◆ **WORK INSTRUCTIONS**
Down to the final line, print the records below exactly and without pictures.

──────── INFORMATION SHOWN ────────

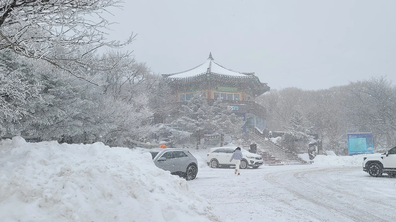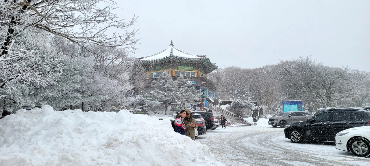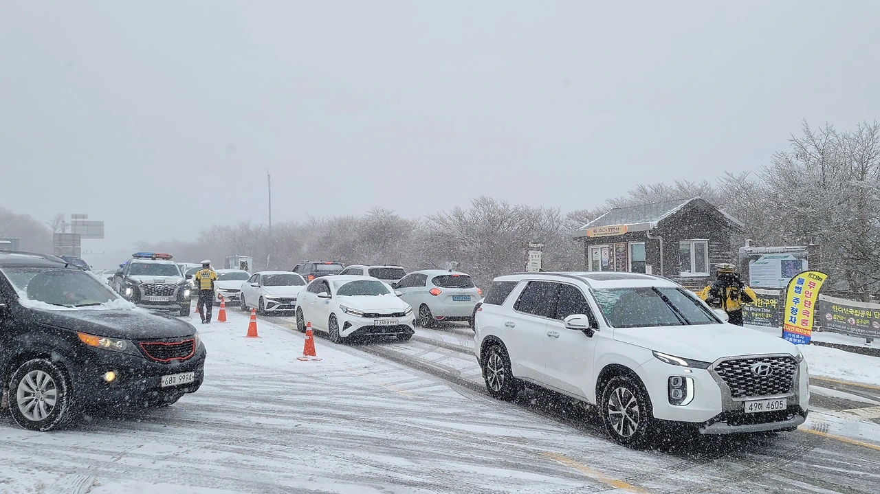 "승용차 운행을 통제합니다. 고립될 수 있으니 빨리 하산하십시오."
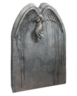 Der Halloween Grabstein Fallender Engel, ist ganze 76 cm hoch und besitzt abgerundete Ecken, auf der die Flügel des Engels abgebildet sind. Der weinende Engel hält sich die Augen zu und thront in der Mitte des Grabsteins. Der graue Grabstein mit Engel ist eine stabile Requisite aus festem aufgeschäumten Kunststoff, auf der Rückseite hohl und ist wetterbeständig. Jetzt die Szene noch mit Halloween Deko Moos perfektionieren und schon besitzt du dir richtige Friedhofs Atmosphäre.
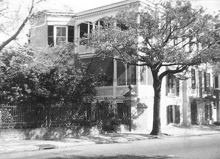 B&W photograph of 68 South Battery (Harth-Middleton House, street (front) elevation, corner view showing piazzas (partially obscured by trees). 2/63 [February 1963] written on verso of photo.Collection
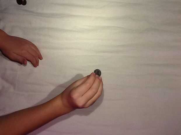 Para hacer la moneda reaparezca tomar la mano que tiene la moneda y colocarla detrás de la oreja de alguien o en su camisa o donde siempre quieres colocarlo y empuje la moneda con el dedo pulgar (Foto 1) donde la mitad de la moneda es expuesto (cuadro 2). Entonces saque su mano de donde estaba y afirman que lo hizo aparecer!
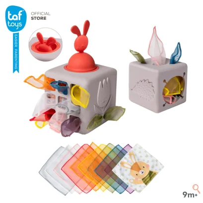 ของเล่นเสริมพัฒนาการ 4-in-1 สำหรับเด็ก 1 ขวบขึ้นไป สนุกกับผ้าชีฟอง ลูกบอล และบล็อกเรียงซ้อน กระตุ้นการเรียนรู้เรื่องสี รูปทรง และขนาด
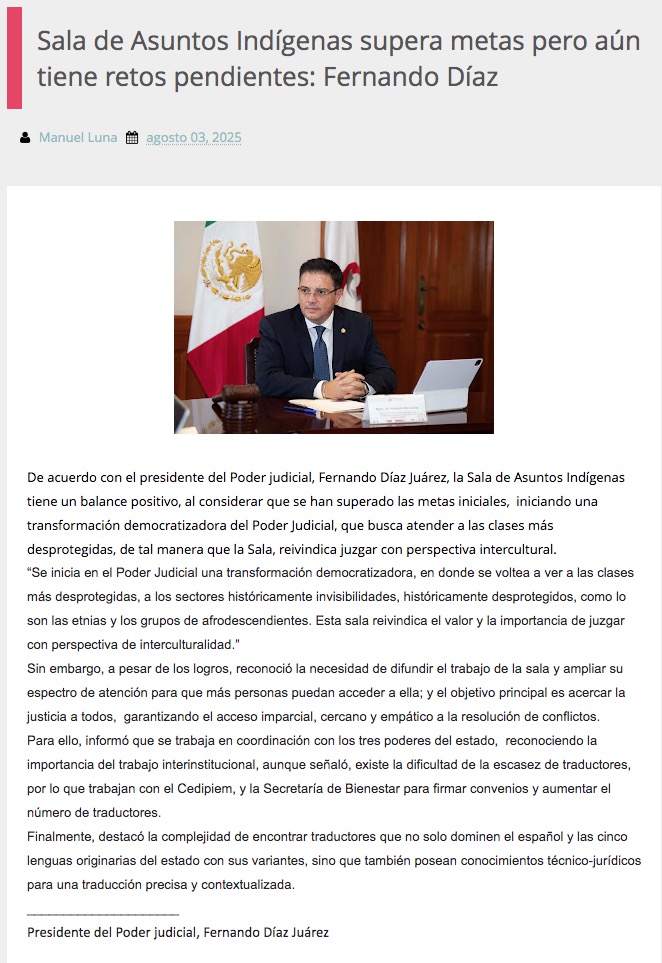 - https://asisucede.com.mx/sala-de-asuntos-indigenas-supera-metas-pero-aun-tiene-retos-pendientes-fernando-diaz/
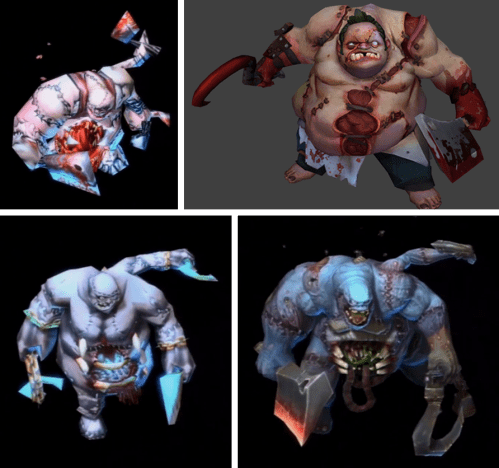 Clockwise from top left: an Abomination in WarCraft III, Pudge in Dota 2, Stitches in Heroes, Stitches in World of WarCraft.
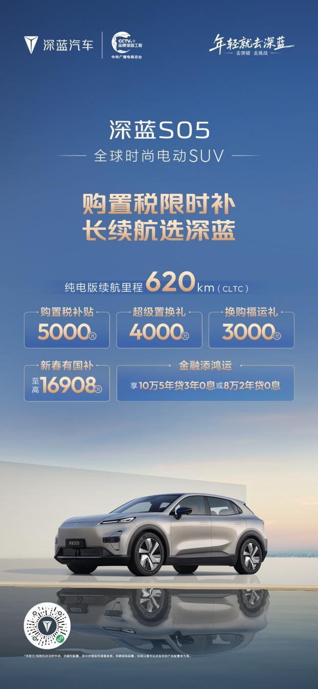 为回馈用户厚爱,现在下订深蓝S05,可享5000元购置税补贴、4000元超级置换礼、3000元换购福运礼、至高16908元新春国补,金融方案同样提供10万5年贷3年0息或8万2年贷0息选择。无论是首次购车还是置换升级,消费者都能享受到实打实的优惠,质价比优势突出。
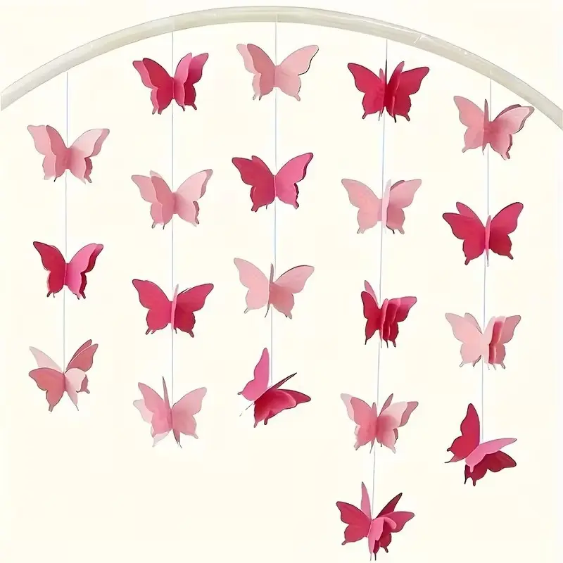 9 Strands (220 cm / 86.61 inches) Butterfly Paper Garlands — Ideal for Wedding, Valentine's Day, and Birthday Theme Decorations, as well as Party and Home Decor.
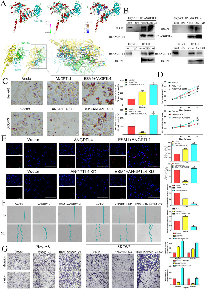 ESM1 promotes ANGPTL4 to combine with LPL by accelerating proliferation, invasion and lipid accumulation in OC cells.
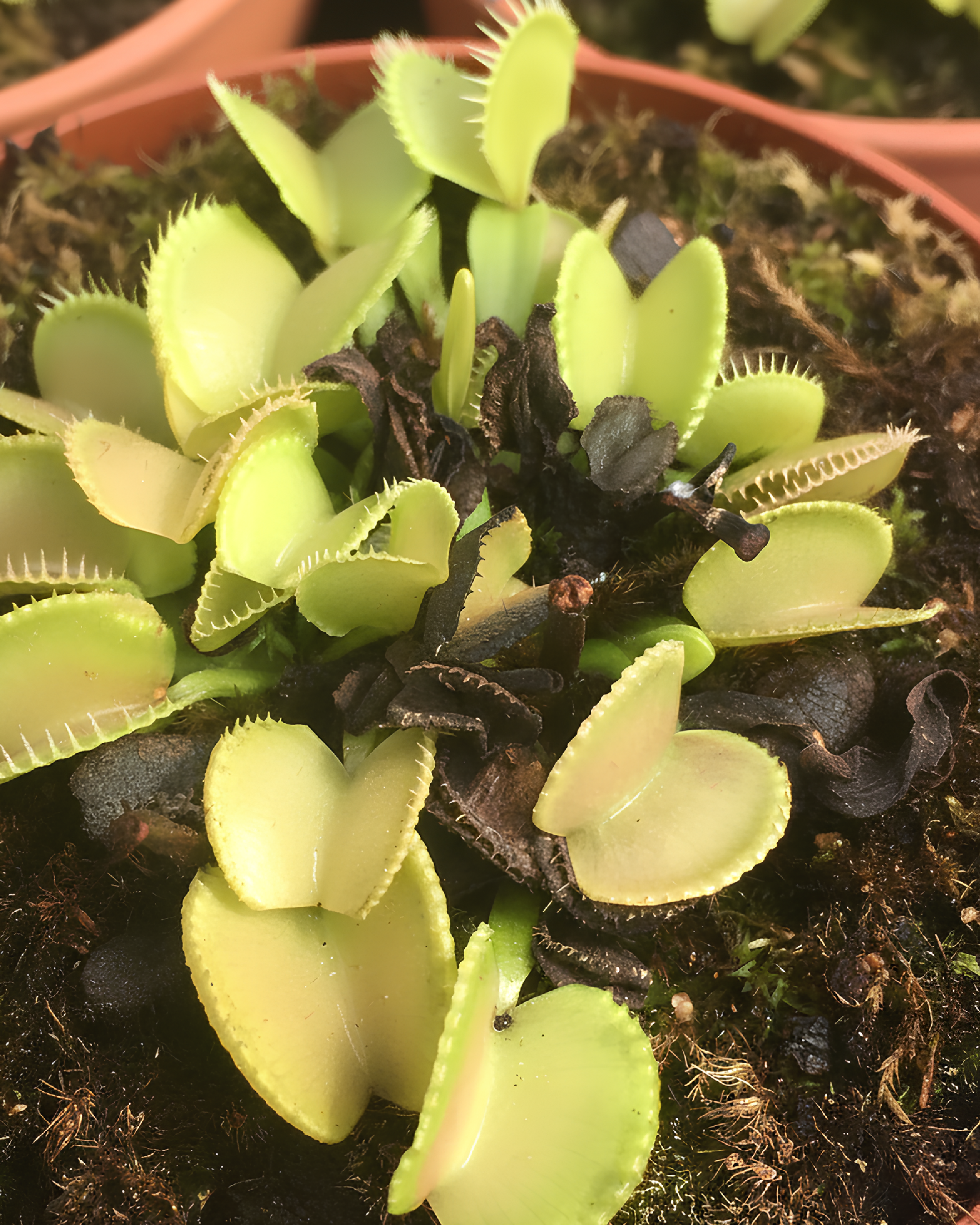 La Dionaea muscipula ‘Green Wizard’, conosciuta anche come Venere acchiappamosche verde, è una cultivar apprezzata per la sua colorazione interamente verde, anche sotto intensa esposizione solare, e per la sua dentatura corta e rada. Le trappole di dimensioni medie sono ben formate e perfettamente funzionali, capaci di chiudersi rapidamente per catturare piccoli insetti, rendendo questa varietà ideale per chi cerca un aspetto più “classico” o un contrasto cromatico all’interno di una collezione di piante carnivore.

────────

◆ **EXERCISE RESPONSE**
 "승용차 운행을 통제합니다. 고립될 수 있으니 빨리 하산하십시오."
 Der Halloween Grabstein Fallender Engel, ist ganze 76 cm hoch und besitzt abgerundete Ecken, auf der die Flügel des Engels abgebildet sind. Der weinende Engel hält sich die Augen zu und thront in der Mitte des Grabsteins. Der graue Grabstein mit Engel ist eine stabile Requisite aus festem aufgeschäumten Kunststoff, auf der Rückseite hohl und ist wetterbeständig. Jetzt die Szene noch mit Halloween Deko Moos perfektionieren und schon besitzt du dir richtige Friedhofs Atmosphäre.
 B&W photograph of 68 South Battery (Harth-Middleton House, street (front) elevation, corner view showing piazzas (partially obscured by trees). 2/63 [February 1963] written on verso of photo.Collection
 Para hacer la moneda reaparezca tomar la mano que tiene la moneda y colocarla detrás de la oreja de alguien o en su camisa o donde siempre quieres colocarlo y empuje la moneda con el dedo pulgar (Foto 1) donde la mitad de la moneda es expuesto (cuadro 2). Entonces saque su mano de donde estaba y afirman que lo hizo aparecer!
 ของเล่นเสริมพัฒนาการ 4-in-1 สำหรับเด็ก 1 ขวบขึ้นไป สนุกกับผ้าชีฟอง ลูกบอล และบล็อกเรียงซ้อน กระตุ้นการเรียนรู้เรื่องสี รูปทรง และขนาด
 - https://asisucede.com.mx/sala-de-asuntos-indigenas-supera-metas-pero-aun-tiene-retos-pendientes-fernando-diaz/
 Clockwise from top left: an Abomination in WarCraft III, Pudge in Dota 2, Stitches in Heroes, Stitches in World of WarCraft.
 为回馈用户厚爱,现在下订深蓝S05,可享5000元购置税补贴、4000元超级置换礼、3000元换购福运礼、至高16908元新春国补,金融方案同样提供10万5年贷3年0息或8万2年贷0息选择。无论是首次购车还是置换升级,消费者都能享受到实打实的优惠,质价比优势突出。
 9 Strands (220 cm / 86.61 inches) Butterfly Paper Garlands — Ideal for Wedding, Valentine's Day, and Birthday Theme Decorations, as well as Party and Home Decor.
 ESM1 promotes ANGPTL4 to combine with LPL by accelerating proliferation, invasion and lipid accumulation in OC cells.
 La Dionaea muscipula ‘Green Wizard’, conosciuta anche come Venere acchiappamosche verde, è una cultivar apprezzata per la sua colorazione interamente verde, anche sotto intensa esposizione solare, e per la sua dentatura corta e rada. Le trappole di dimensioni medie sono ben formate e perfettamente funzionali, capaci di chiudersi rapidamente per catturare piccoli insetti, rendendo questa varietà ideale per chi cerca un aspetto più “classico” o un contrasto cromatico all’interno di una collezione di piante carnivore.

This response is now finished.